OpenAI has introduced its first AI agent, Operator, designed to handle various tasks for users. Operator can autonomously browse the web to make restaurant reservations, compile shopping lists, or create memes. In a demonstration video, Sam Altman and his colleagues showcased the skills Operator currently possesses.
Operator’s interface is similar to ChatGPT, making it familiar to users. The interface includes several linked services like Uber, OpenTable, or eBay, which can be selected to instruct Operator to complete tasks through these services. For instance, Operator can book a restaurant table by selecting OpenTable and specifying the restaurant and time. The AI then opens a browser in the cloud, accesses the OpenTable website, and searches for the restaurant and time.
Operator is capable of self-correction. In a demonstration, the AI initially selected the wrong restaurant location. However, since the OpenAI team had set their location as San Francisco, Operator adjusted the restaurant choice. When the desired time wasn’t available, Operator suggested an alternative.
In another example, OpenAI staff uploaded a shopping list photo, allowing Operator to autonomously shop for the items. Users can monitor each step in the interface and intervene if necessary, or let the AI proceed, freeing up their time for other tasks. If Operator encounters logins, CAPTCHAs, or payment methods during shopping, users must intervene, as the AI doesn’t handle payment with personal data.
Operator navigates websites using screenshots and a virtual mouse and keyboard, powered by a new AI model called Computer-Using Agent (CUA). CUA processes visual elements and is trained with user interfaces to recognize menus, text fields, and buttons. Despite being in its early development phase, CUA has achieved excellent results in WebArena and WebVoyager benchmarks.
OpenAI emphasizes that Operator is currently a preview, and problems may still occur. Therefore, Operator is initially available to a small group of users, specifically Pro users in the USA, who pay $200 per month for access. OpenAI plans to eventually offer Operator to Plus, Team, and Enterprise users and integrate some of its features into ChatGPT.
With these advancements, OpenAI continues to develop AI tools that can be used locally. The company is exploring various applications of AI, aiming to enhance user experience and productivity. As AI technology progresses, users can expect more sophisticated and efficient tools to assist with everyday tasks.

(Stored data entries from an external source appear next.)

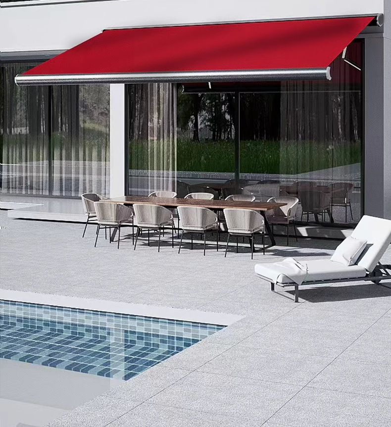 국경 간 공장 직판 전동 리모컨 접이식 텔레스코픽 차양막 빌라 차양막 정원 야외 차양막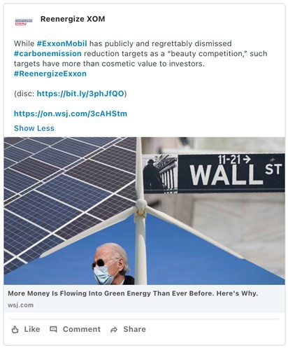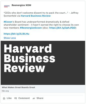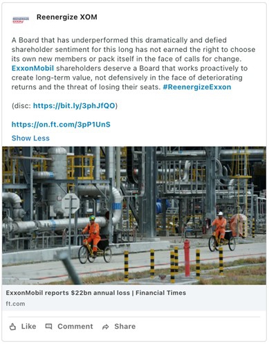From time to time, Engine No. 1 LLC may make the following posts to its social media channels on Twitter and LinkedIn: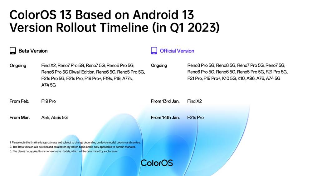The ColorOS 13 Beta version of OPPO is also currently rolling out to the Find X2, Reno7 Pro 5G, Reno7 5G, Reno6 Pro 5G, Reno6 5G, Reno5 Pro 5G, F21s Pro 5G, F19 Pro+, F19s, F19, A77s, and A74 5G handsets. In February 2023, it will be rolled out to the F19 Pro. This update will also be available in March 2023 for the OPPO A55 and A53s 5G.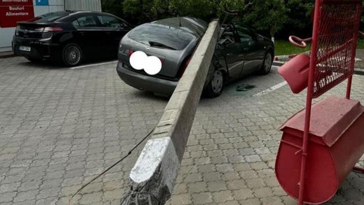 O mașină, parcată regulamentar într-o benzinărie, a fost făcută zob după ce un stâlp de beton a căzut peste ea. Din fericire, în momentul incidentului în automobil nu era nimeni.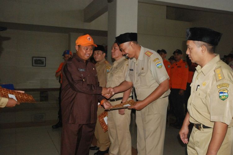 Bupati Tasikmalaya Uu Ruzhanul Ulum usai apel pagi di Kantor Kabupaten Tasikmalaya, Senin (16/10/2017). Kabupaten Tasikmalaya siap menghadapi berbagai ragam bencana yang berpotensi terjadi pada masa pancaroba.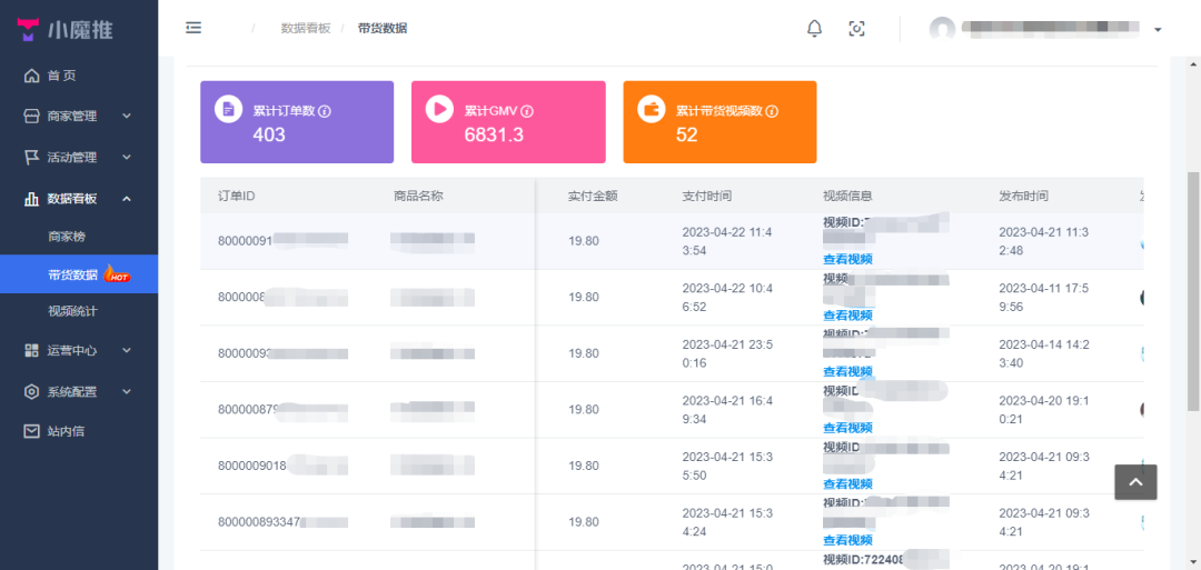 小魔推员工矩阵管理功能,能够对企业或商家的员工扫码发视频带货情况进行管理。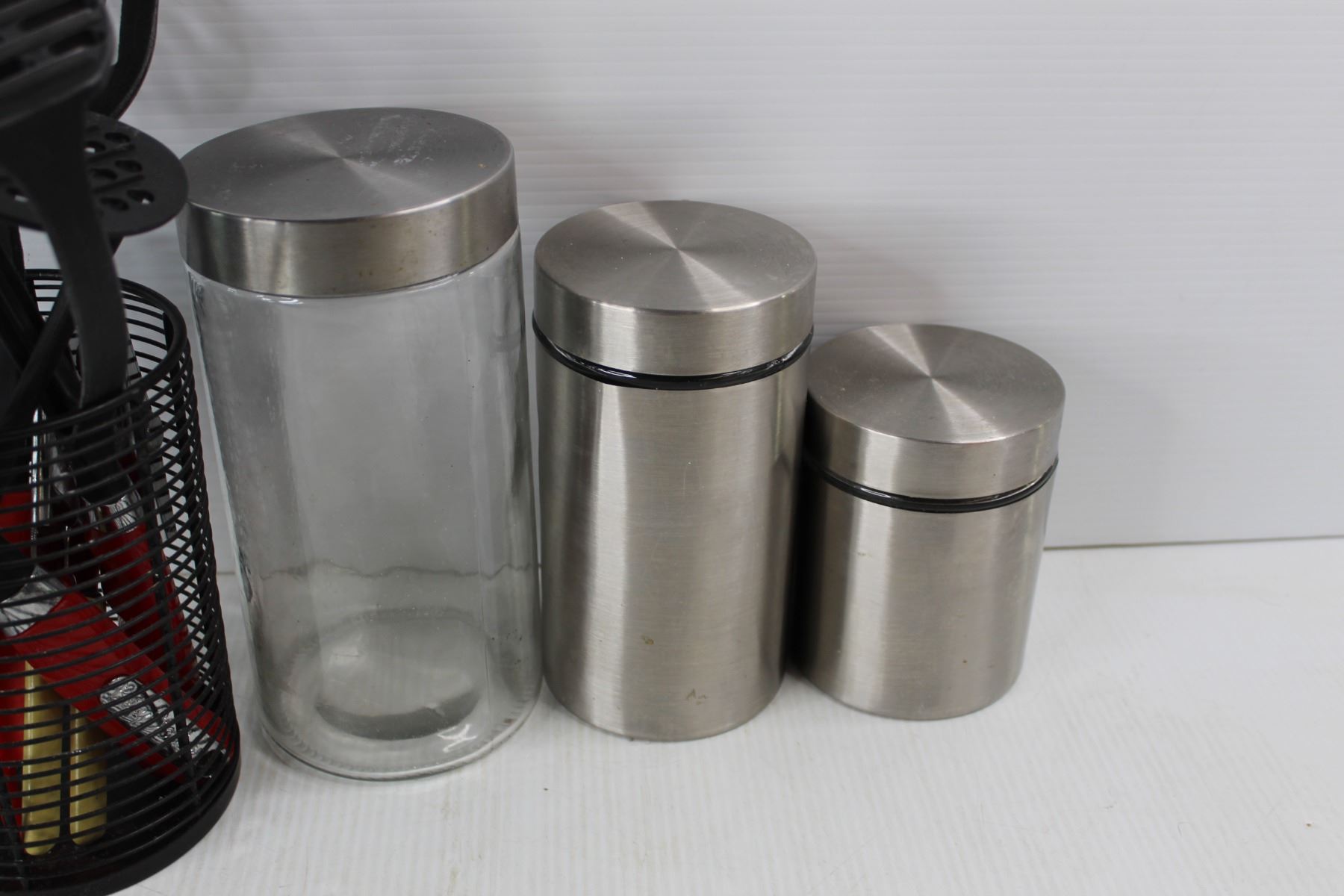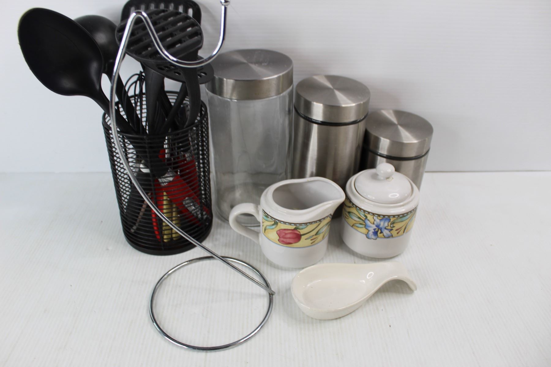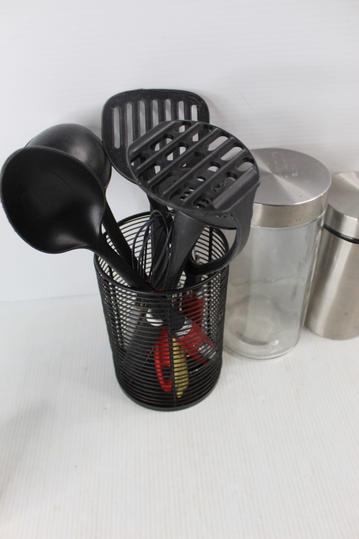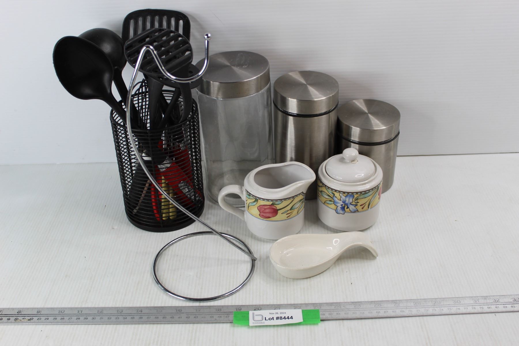 (4) Various Food Canisters/ Sugar Containers, (6) Various Cooking Utensils, Soup Ladles, Potato Masher, Misc.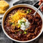 Once cooked, use two forks to shred the meat right in the pot — I love how the chili thickens as the beef breaks apart. Taste and adjust salt as needed. This is also the perfect time to add extra chili powder or a dash of cayenne if you want more heat.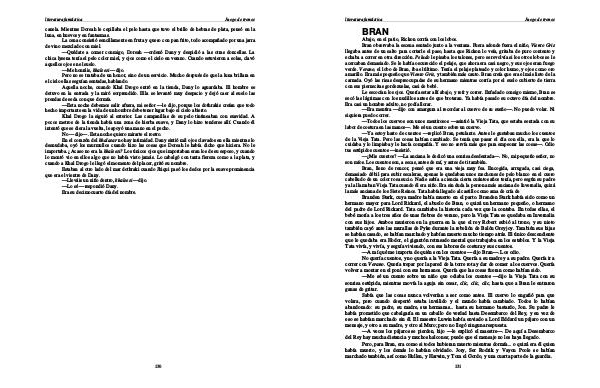 Branden Stark, cuya madre había muerto en el parto. Branden Stark había sido como un hermano mayor para Lord Rickard, el abuelo de Bran, o quizá un hermano pequeño, o hermano del padre de Lord Rickard. Tata cambiaba la historia cada vez que la contaba. En todas ellas, el bebé moría a los tres años de unas fiebres de verano, pero la Vieja Tata se quedaba en Invernalia con sus hijos. Ambos murieron en la guerra en la que el rey Robert subió al trono, y su nieto también cayó ante las murallas de Pyke durante la rebelión de Balón Greyjoy. También sus hijas se habían casado, se habían marchado y habían muerto mucho tiempo atrás. El único descendiente que le quedaba era Hodor, el gigantón retrasado mental que trabajaba en los establos. Y la Vieja Tata vivía, y vivía, y seguía viviendo, con sus labores de costura y sus cuentos.— A mí qué me importa de quién son los cuentos— dijo Bran—. Los odio. No quería cuentos, y no quería a la Vieja Tata. Quería a su madre y a su padre. Quería ir a correr con Verano. Quería trepar por la pared de la torre rota y dar de comer a los cuervos. Quería volver a montar en el poni con sus hermanos. Quería que las cosas fueran como habían sido.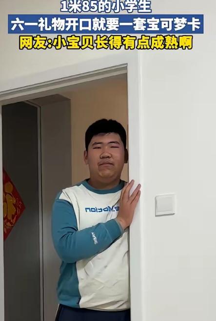 伤害性不高,侮辱性很强!安徽,一位妈妈在网上晒出六年级的儿子提前朝她要六一儿童节礼物,不过网友却把注意力都放在了男孩一米八五的身高和长相上面。网友:你家小宝贝长得有点成熟啊 说白了,这就是一场大型“反差暴击”现场——六年级小朋友还没褪去稚气要六一礼物,可那张脸和那身高,直接把网友看懵,连儿童节的话题都被硬生生带偏,主打一个伤害性不高,侮辱性极强。 安徽这位妈妈本来挺开心,想着自家娃还惦记着六一儿童节,就随手拍了段视频晒到网上,吐槽儿子人还没长大,要礼物的心思倒挺急。 可谁能想到,评论区压根没人讨论礼物,全在刷屏惊叹:这孩子确定是六年级?怕不是拿错了身份证吧! 镜头里的男孩,站在妈妈身边比妈妈高出一个大半个头,官方说一米八五,我感觉实际看着可能还要高一点,肩宽背直,身形完全就是个成年人的模样。 更离谱的是他的长相,没有一点小学生的青涩,眉眼间透着一股成熟感,说二十来岁真的有人信,甚至还有网友调侃,这要是去买火车票,估计都得被要求出示身份证,根本享不到学生优惠。 有人忍不住吐槽,不是说身高高就不正常,可小学阶段长到一米八五,也太离谱了吧? 我真见过年龄小个子大的孩子,比如邻居家的小男孩,五年级就一米七多,但人家面相还是圆嘟嘟的,眼神里全是小孩子的懵懂,一眼就能看出是个孩子。 可这个安徽男孩不一样,不光身高超标,连神态都透着成熟,一点都没有小学生的稚气,说他是刚上大学的学长,比说他是六年级学生更有说服力。 说到这,我想起之前有网友分享,他在深圳地铁碰到过一个小学生,长得比他一米八五的同事还要高,估计得有一米九,站在人群里格外扎眼。 一开始大家都以为他是个刚毕业的年轻人,可看他动作又透着一股小孩子气,一会儿扒着扶手晃来晃去,一会儿又对着窗外指指点点,好奇之下有人问他多大,他脆生生地说自己读五年级。 当时我那网友和他同事直接震惊到说不出话,愣了好一会儿才反应过来,连说现在的孩子长得也太着急了。 还有不少网友吐槽,这说不定就是从父母开始,垃圾食品轮番轰炸下的产物,孩子怕是性早熟了。 我感觉这话也不是没有道理,据说现在儿童性早熟的发病率已经达到了0.43%,也就是说每230个孩子里就有1个性早熟患者,而且发病年龄越来越小。 以前我们小时候,小学阶段能长到一米六就已经是“巨人”了,哪有这么多一米八以上的小学生? 以前的孩子零食就是辣条、干脆面,偶尔吃一次,现在的孩子,炸鸡、汉堡、奶茶、各种含糖饮料轮番吃,还有家长总想着给孩子补身体,买各种保健品,这些东西里的激素和添加剂,说不定就是导致孩子提前发育的隐形推手。 听说性早熟的孩子,早期身高会快速增长,年生长速率可能超过8厘米,但因为骨骺提前闭合,成年后反而可能比正常身高矮10-15厘米,还可能引发自卑、焦虑等心理问题。 不过也有人说,现在生活条件好了,孩子营养跟上了,身高高点也正常,不能一棍子打死就说是性早熟。 以上全是我个人看法,不代表任何立场,也没有评价这件事本身,就是单纯和大家一起聊聊这个现象。你们觉得这个六年级男孩长得成熟吗?你身边有没有这种身高远超同龄人的小学生?欢迎在评论区说说你的看法。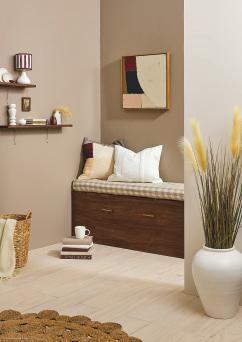 4. Warmth is the key word for neutrals in 2024, with layers of deeper shades and the revival of all things brown. The back and left wall are painted in Resene Jetsam Brown with front right wall in Resene Sandspit Brown. The shelves and bench seat are stained in Resene Colorwood Bark with floor stained in Resene Colorwood Breathe Easy. Side table, candle holder and bud vase in Resene Albescent White, large vase in Resene Warmed Brown, lamp base in Resene Scoria and books on floor in Resene Jetsam Brown, Resene Albescent White and Resene Warmed Brown. Cushions and throw from Baya, art from A+C Homestore. (Project by Melle van Sambeek, image by Bryce Carleton)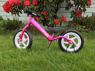 She is starting to learn by walking the bike without sitting on it. I think after a few more times she will learn to sit and push with her feet. She is currently using the smaller seat, but as she gets bigger we will change the seat to the larger padded one with the added carrying handle.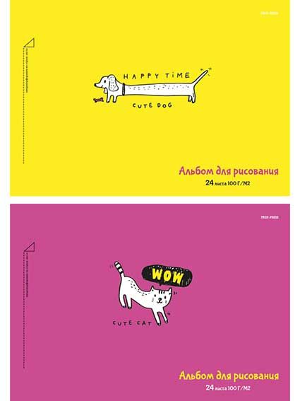 - Альбом для рис.24л. Проф-Пресс спираль "Рисунки домашних животных" 24-3759 лён,асс.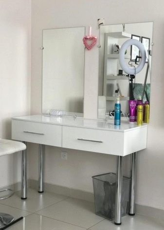 Столик, на котором будут располагаться инструменты для работы – еще один обязательный элемент. Можно дополнить его небольшим шкафчиком, если приспособлений много. Ну и, конечно, не обойтись без зеркала среднего размера, в котором клиент сможет хорошо рассмотреть результат вашей работы.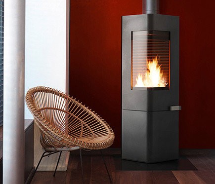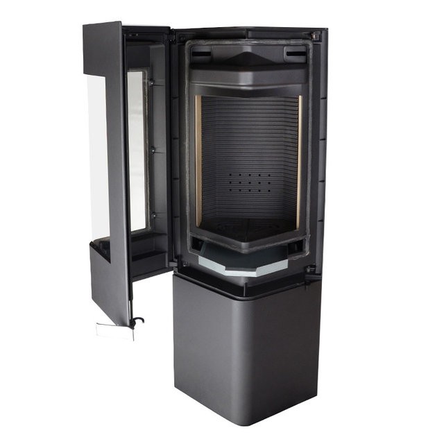 Угловая чугунная печь-камин Moai выполнена из толстого чугуна и оснащена большим угловым стеклом, через которое открывается восхитительный вид на пламя.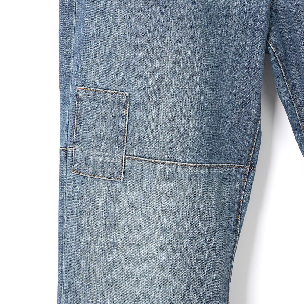 パッチデザインを施したパッチドブルーのヴィンテージウォッシュが、奥行きのある表情を生み出します。

OpenAI’s Operator exemplifies the potential of AI to streamline daily activities, offering a glimpse into a future where AI agents can handle more complex tasks, allowing users to focus on more critical aspects of their lives and work. As AI continues to evolve, it promises to revolutionize how we interact with technology, making it a more integral part of our routines.
While Operator is currently in a limited preview phase, its capabilities demonstrate the promise of AI in automating tasks and improving efficiency. OpenAI’s ongoing efforts in AI development highlight the transformative power of technology and its potential to reshape various aspects of our lives.